You are probably familiar with the "bell-shaped" curves corresponding to Gaussian random variables in one dimension (we have also seen an illustration in the first lecture note). What these curves tell us is that in one dimension, randomly generated points from a Gaussian distribution will mostly lie close around the "mode" (in this case also the mean) of the distribution. Let us see an illustration of that below, where we plot the pdf of the standard normal distribution $\mathcal{N}(0, 1)$ and 50 randomly generated points from this distribution.
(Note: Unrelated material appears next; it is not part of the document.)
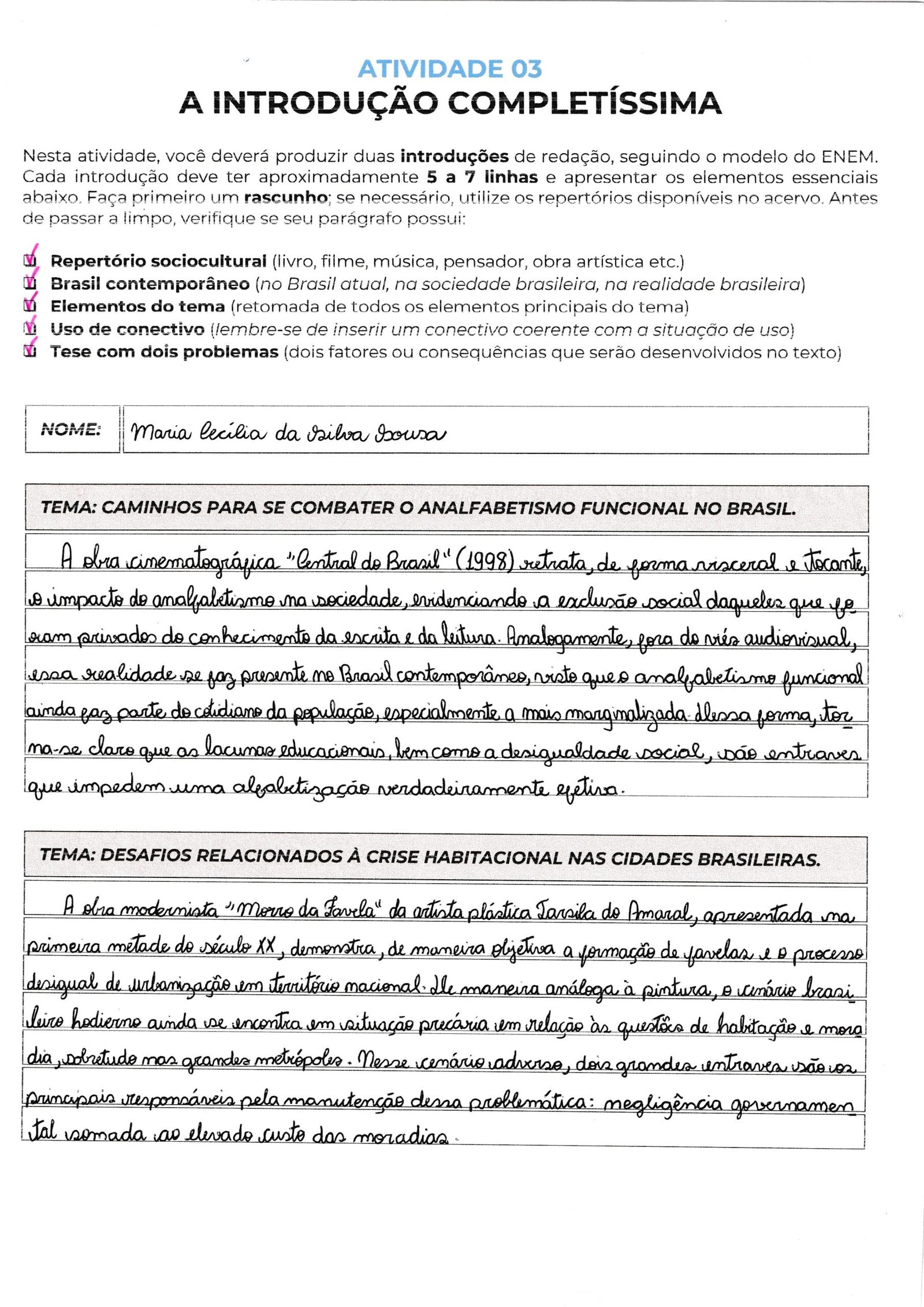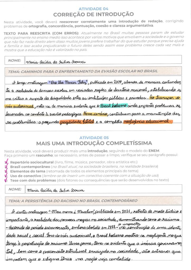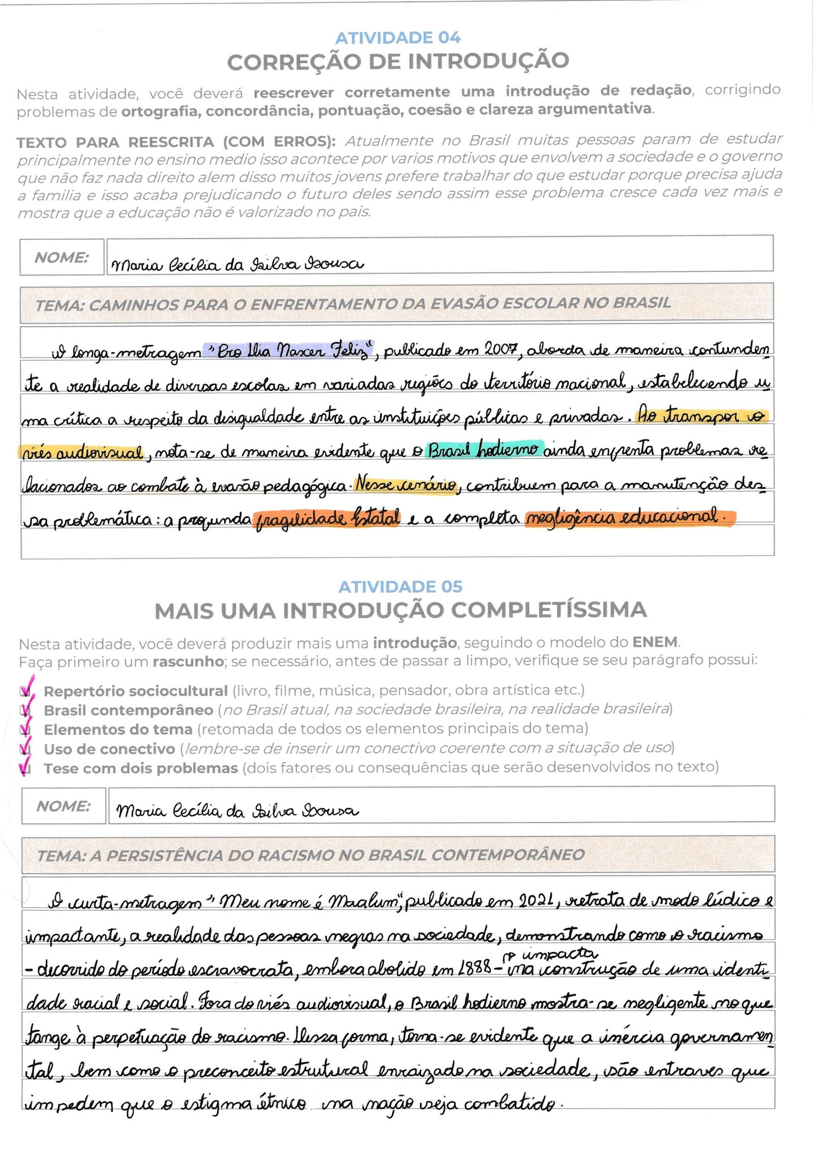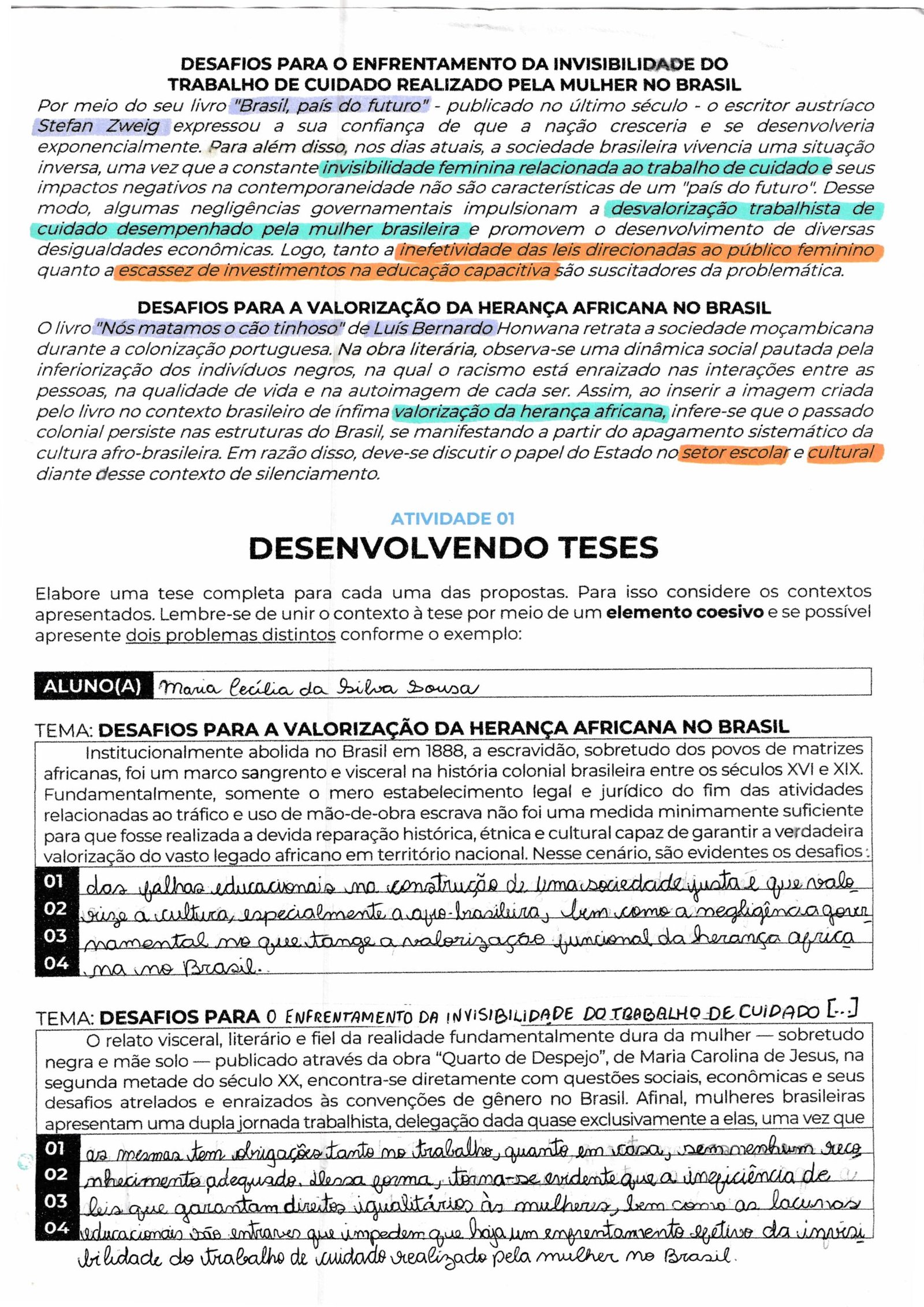 Maria Cecília, suas teses foram bem construídas e atendem perfeitamente ao requisito de serem bipartidas, apresentando dois problemas distintos para cada tema. Na primeira proposta, você identifica com clareza as falhas educacionais e a negligência governamental como os pilares que impedem a valorização da herança africana, estabelecendo uma conexão lógica com o contexto de reparação histórica citado. No segundo tema, você articula muito bem a ineficiência das leis somada às lacunas educacionais, criando um projeto de texto sólido para discutir a invisibilidade do trabalho de cuidado.

from scipy.stats import norm # this is imported to plot the pdf of normal distribution
import matplotlib.pyplot as plt
%matplotlib inline
n = 50 # the number of randomly generated points
r = norm.rvs(size = n) # random samples from the standard normal distribution
x = np.linspace(-5, 5, 100) # choose the x-axis values for the plot
# Plot
plt.plot(x, norm.pdf(x, 0, 1)) # plot the pdf
plt.scatter(r, np.zeros(n), marker='x', color='red') # plot the randomly generated points
plt.show()
However, as we increase the dimension of a Gaussian random variable, its geometric properties change dramatically. As the dimension $d$ of a standard normall high-dimensional random vector $\mathbf{z} \sim \mathcal{N}(\mathbf{0}, \mathbf{I})$ increases, fewer randomly generated points (vectors) from this distribution are likely to land close to the mean. Instead, the random variables strongly concentrate around a sphere of radius $\sqrt{d}.$ (Recall also that standard normal variables are spherically symmetric $-$ all random vectors of the same magnitude are equally likely.) In that sense, high-dimensional standard normal random variables behave similarly to uniformly random variables from a high-dimensional sphere or a ball (both of radius $\sqrt{d}$), which is the reason why all three of these distributions feature prominently in the analysis of randomized algorithms, with the analysis often being exchangeable between the three specific distributions. But we are digressing... Let us now formally argue what we claimed above: that high-dimensional (standard normal) Gaussians concentrate around the sphere of radius $\sqrt{d}.$
Recall the definition of the Euclidean (or $\ell_2$) norm of a vector: $\|\mathbf{x}\|_2 = \sqrt{\sum_{i=1}^d x_i^2},$ where $x_1, x_2, \dots, x_d$ are the entries of $\mathbf{x}$, which, as we discussed before has the interpretation of what we intuitively understand as the length of a vector. We prove the following:
Proof To prove the theorem, we use the Chernoff method. You will recall that Chernoff method boils down to finding a moment generating function of a random variable and using Markov's inequality. The question here is: which random variable should we work with?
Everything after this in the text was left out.